In Phoenix on the Sword, the magical item is not acquired through resource-type play but as a plot mechanism - mechanically, this could be conceived of perhaps as the spending by a player of Fate Points for his or her character.

In Tower of the Elephant, the loot is not gained. This thus violates the D&D rules about treasure per encounter. In fact, to model the flavour of a story like this, you need a system where, while a character's goal might be acquisition of loot, the player's goal is something else. Thus, the player goal (and therefore fun) is not thwarted by having the loot be taken away. (By analogy - the goal of a CoC character is to stay sane, but for players the goal is to be scared - thus, characters losing their sanity does not stop the players having the fun for which they came to the gaming table.)

OGL Conan goes part of the way in this direction, by abandoning the D&D rules for encounters, treasure gain and XP. Unfortunately, it doesn't really put anything very concrete in their place: there is simply a handwave in the direction of levelling every now and then and handing out the odd fate pont. This puts a big burden on the GM to construct his or her own system of linking player goals with character action.

The other thing which I feel a Conan game would need would be a way of integrating more gritty combat with less risk of PC death. OGL Conan goes quite a way in this direction, by reducing high-level hit points, removing the bulk of spells and magic items, and adding the "left for dead" rule; though I think the mechanics for the latter are made needlessly complicated. Once we introduce a Fate Point system for character survival, I don't see the point of putting in an extra rule that your Fate Point may not work - especially as a second Fate Point should in any event be enough to make sure someone comes by and finds the character.

Anyway, that's my take on it.
 

Celebrim said:
There is a pitched fight but the goblins use thier advantage in numbers and surprise to grapple with the dwarves - which is precisely the tactic I would have chosen as a DM to nuetralize high level PC's with low level goblins.

It is? I hear this all the time, but that doesn't make it true. It's more like a way for a high level fighting type to kill the goblins faster.
 

Celebrim - I didn't say that you can't use D&D combat-resolutionrules to replicate parts of the Hobbit. I said it doesn't read like a D&D adventure.

Picking up on particular points:

*Alternative solutions are fine - but D&D doesn't support them as a principal method of conlfict resolution, because they don't fit well into a level-based CR/EL approach. This is shown by the mere fact that we call them "alternative solutions", whereas in a different game system, with mechanics intended to support a different type of play, they would be the norm (I'm thinking now of Dying Earth's rules for repartee).

*Glamdring and Foehammer not artifacts? Perhaps not, but D&D doesn't support non-artifact level unique items very well.
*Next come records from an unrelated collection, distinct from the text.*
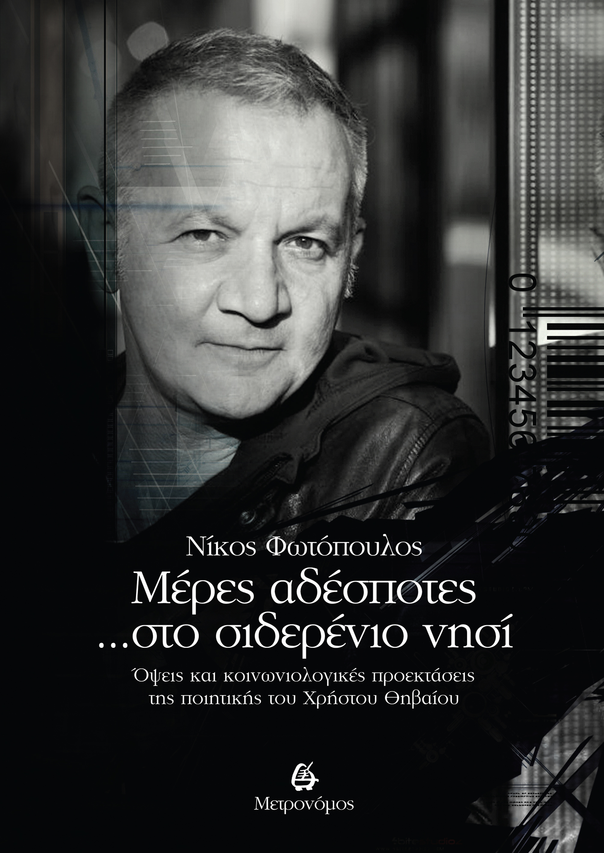 Κυκλοφορεί από τις εκδόσεις Μετρονόμος, το βιβλίο του ποιητή και πανεπιστημιακού Νίκου Φωτόπουλου, «Μέρες αδέσποτες… στο σιδερένιο νησί: όψεις και κοινωνιολογικές προεκτάσεις της ποιητικής του Χρήστου Θηβαίου». Πρόκειται για μια εξαιρετικά περιεκτική προσέγγιση της εικοσάχρονης κειμενικής πορείας του σπουδαίου Έλληνα τραγουδοποιού και ερμηνευτή από το πρώτο του έργο, «Μέρες αδέσποτες» (με τους Συνήθεις Υπόπτους) μέχρι και το πιο πρόσφατο, «Σιδερένιο νησί».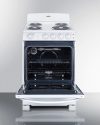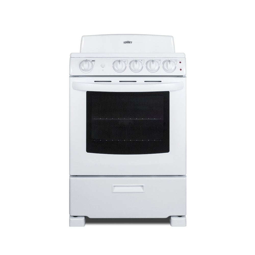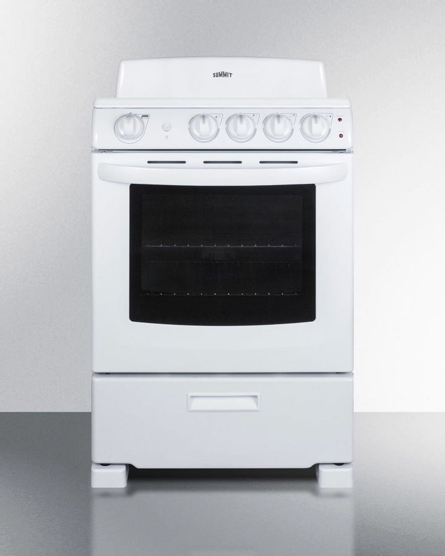 SUMMIT brings outstanding value to small kitchens with fully featured electric ranges in 24″ wide fits. Made in North America, the RE2411W is a 220V electric range designed for 24″ wide spaces. One 8″ and three 6″ coil burners include removable chrome drip pans for easy cleaning. For added safety, each coil is equipped with a sensor that will automatically cycle the element off if it reaches dangerous flashpoint temperatures. Heating will resume automatically. All cooking controls are located upfront on push-to-turn knobs for safe and easy use. Indicator lights illuminate when the burners and oven are on. The RE2411W features a large oven window with an interior light to make it easy for users to monitor their cooking. Inside, the 2.9 cu.ft. interior is made from durable porcelain and includes two adjustable racks. The waist-high broiler is conveniently located inside, letting you finish your cooking without transferring contents to an inconvenient drop-down compartment on the floor. The lower compartment is a slide-out storage drawer for added convenience. The RE2411W comes in a white exterior finish with color-matched knobs and handle. With its slim fit and user-friendly features, this unit is the ideal choice for space-challenged kitchens on a budget.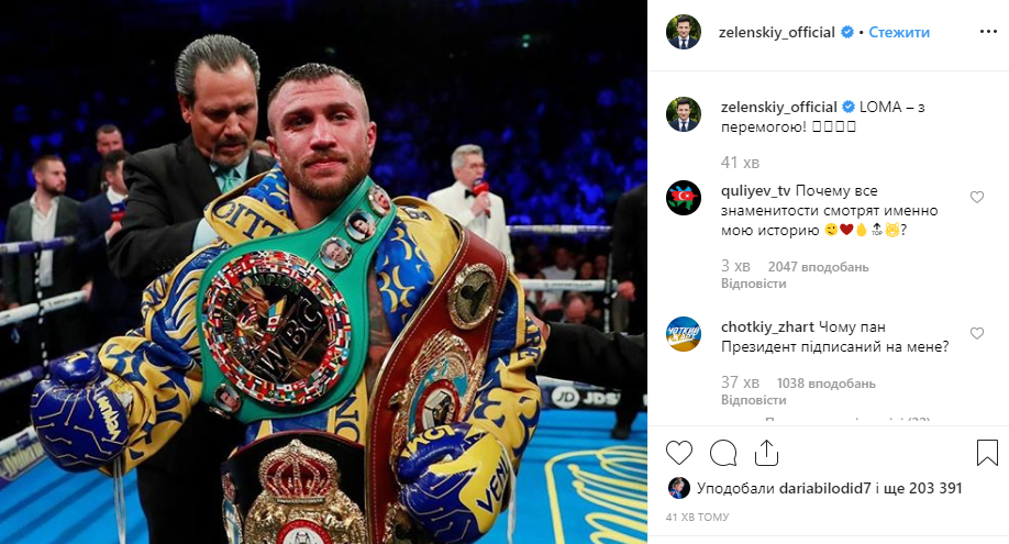 Президент Украины Владимир Зеленский поздравил боксера Василия Ломаченко с победой над британцем Люком Кэмпбеллом. Об этом глава государства написал в Instagram.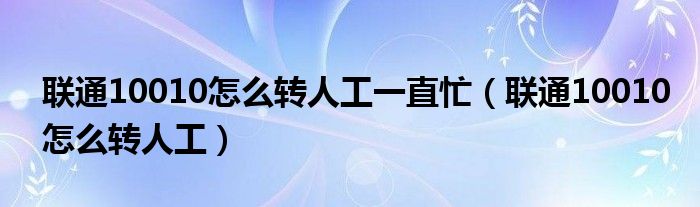 联通10010怎么转人工一直忙(联通10010怎么转人工)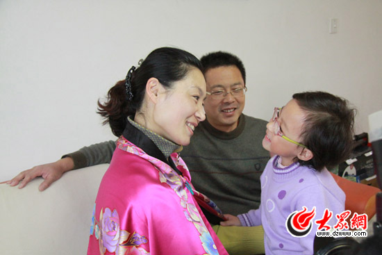 進采集室前呂明玉一家人在一起,5歲的孩子茸茸聽到媽媽要近手術室很不高興
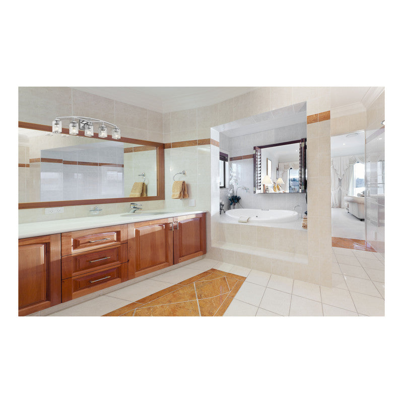 With a gorgeous brushed nickel finish, this five-light vanity light offers expansive reach and a sophisticated design. Enjoy the textured look of boxy chiseled clear glass shades as they affix to a charming steel frame with gentle curves and straight lines.

If Glamdring is just a sword +2, why do the goblins flee in terror from it - a sword +2 is no different from adding a couple of levels to a fighter, after all, and so while well-adapted to its purposes in D&D, of adding a boost to a certain type of character of a certain level, is not well-adapted to constituting an item that spreads fear in those targeted by it. (When we move beyond weapons, there are some memorable exceptions like Spheres of Annihilation.)

*The battle with the goblins also does not play like the vast bulk of D&D combats. And where are the other EL-appropriate encounters for the rest of the adventure?

*Treating +5 items as prestige items that are not easily accessible will, I think, hurt the balance of high-level 3E D&D.


Picking up on a more general point raised by your post: one could use the D20 mechanics to play a game which ignores D&D rules for encounter design, XP, treasure-by-level, etc, and favours "alternative solutions" that do not rely on the characters' deployment of their level-dependent resources. But one would then be playing a different game from D&D.